**Aim of the exercise**
Only an exact copy is wanted: the lines from the one holding "Établi hexagonaux 27x36E" through the last line below, minus the pictures.

(Recorded data)
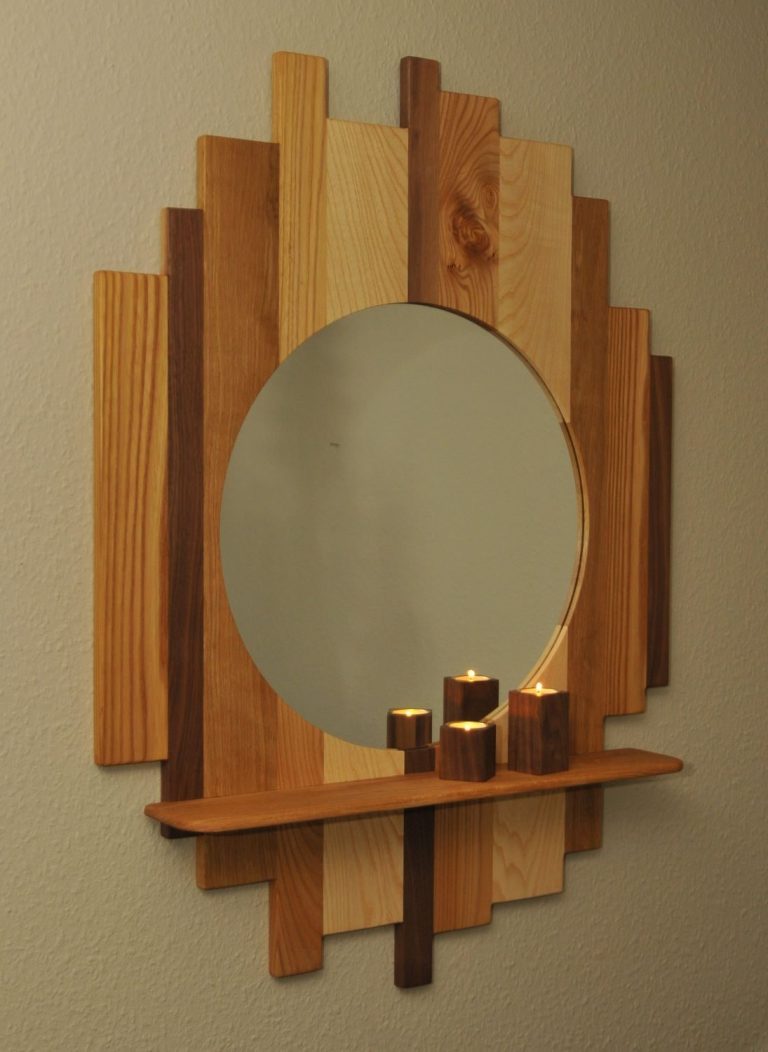 Spegel city skyline tillverkas av en mix av olika träslag och i storlek efter önskemål. Spegel city skyline på bilden är tillverkat i valnöt, ek, ask och alm med hyllplan i ek. Dimension på bakstycket är ca 70x100cm och hyllplanet är 60cm brett och ca 10cm djupt. Spegeln på bilden är 48cm i diameter.
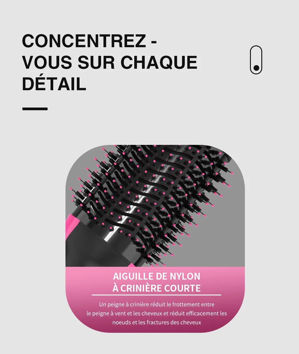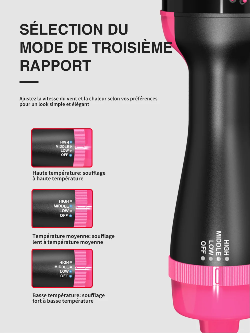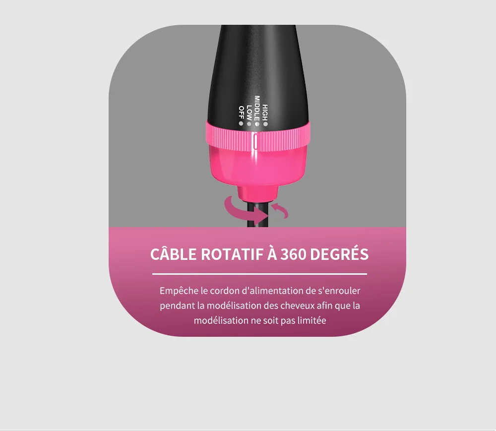 Conception Intelligente: La rotation à 360° du cordon d’alimentation offre une maniabilité inégalée, tandis que le bouton de contrôle de température permet un ajustement précis selon vos préférences de coiffure.
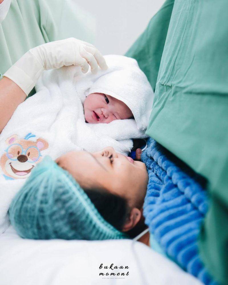 Dari foto yang dibagikan, Afifah melahirkan bayinya melalui persalinan caesar. Sang suami, Faldo Arsanda Aziz juga setia mendampingi Afifah selama proses persalinan.
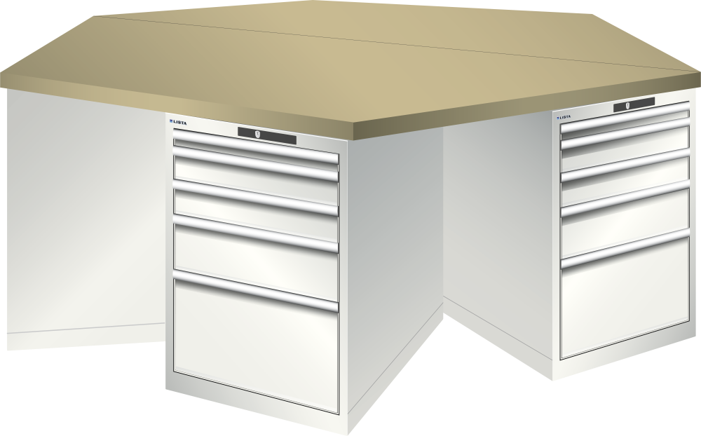 Établi hexagonaux 27x36E (LxPxH) 2500x2165x840mm 6 x 5 tiroirs (1x50/2x100/1x150/1x300) 75kg Multiplex AUTO Lock Blanc gris RAL 9002
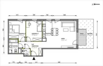 SZCZEGÓŁY MIESZKANIA (0 % prowizji) Oddane do użytku Liczba pokoi: 2 Piętro : 0 salon z aneksem kuchennym (możliwość wydzi...
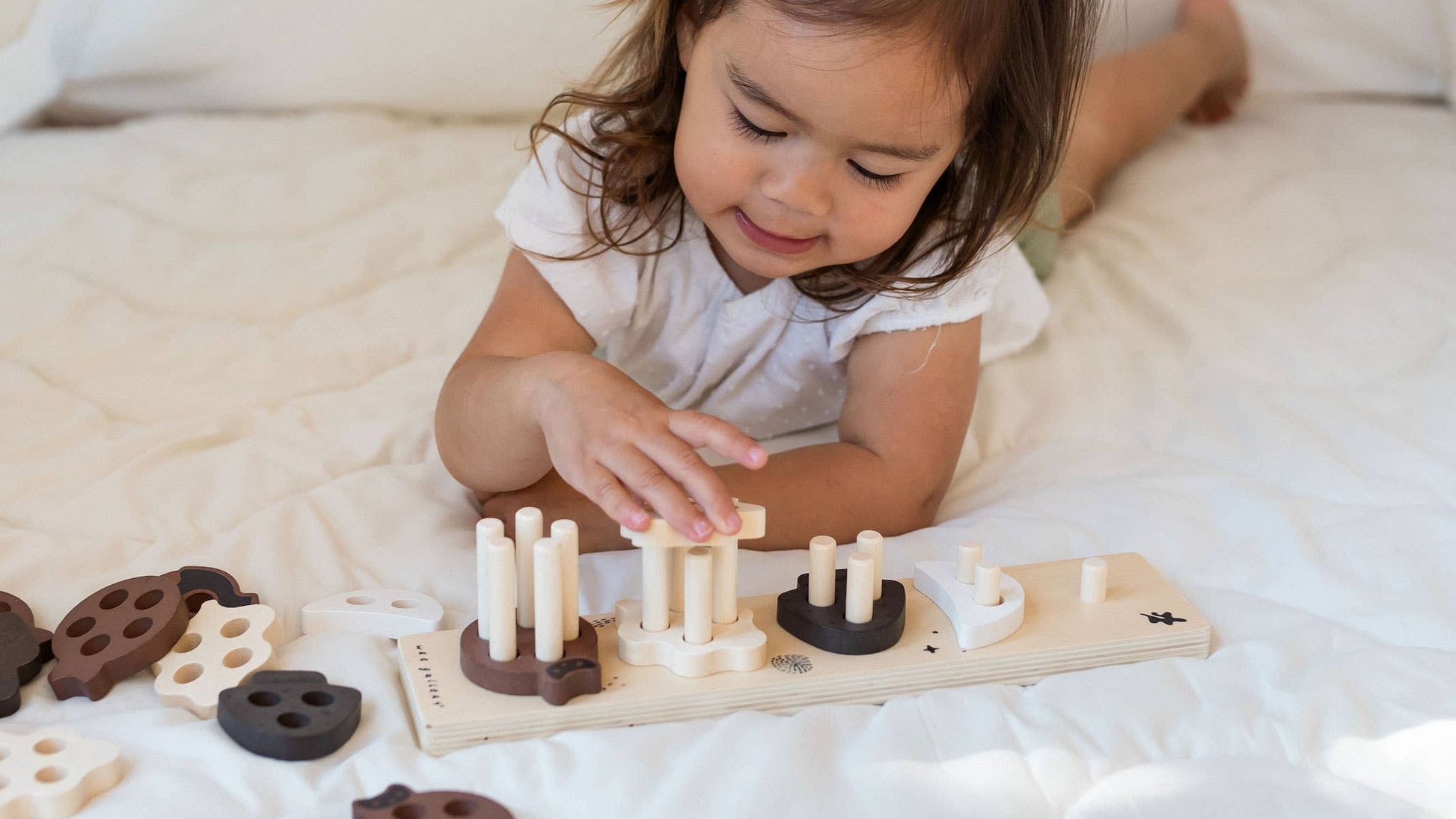 With the Count + Stack Toy, kids can sort, stack, and count the number of holes in the pieces to find the corresponding posts. Each shape has the same number of pieces as the number of holes and pegs — one acorn, two moons, three mushrooms, four leaves, and five ladybugs! Children can work on motor skills and spatial reasoning (a STEM, early math skill) while playing with this adorable woodland toy made of beautiful quality wood. A perfect gift for toddlers or preschool age children.

**Output of the exercise**
 Établi hexagonaux 27x36E (LxPxH) 2500x2165x840mm 6 x 5 tiroirs (1x50/2x100/1x150/1x300) 75kg Multiplex AUTO Lock Blanc gris RAL 9002
 SZCZEGÓŁY MIESZKANIA (0 % prowizji) Oddane do użytku Liczba pokoi: 2 Piętro : 0 salon z aneksem kuchennym (możliwość wydzi...
 With the Count + Stack Toy, kids can sort, stack, and count the number of holes in the pieces to find the corresponding posts. Each shape has the same number of pieces as the number of holes and pegs — one acorn, two moons, three mushrooms, four leaves, and five ladybugs! Children can work on motor skills and spatial reasoning (a STEM, early math skill) while playing with this adorable woodland toy made of beautiful quality wood. A perfect gift for toddlers or preschool age children.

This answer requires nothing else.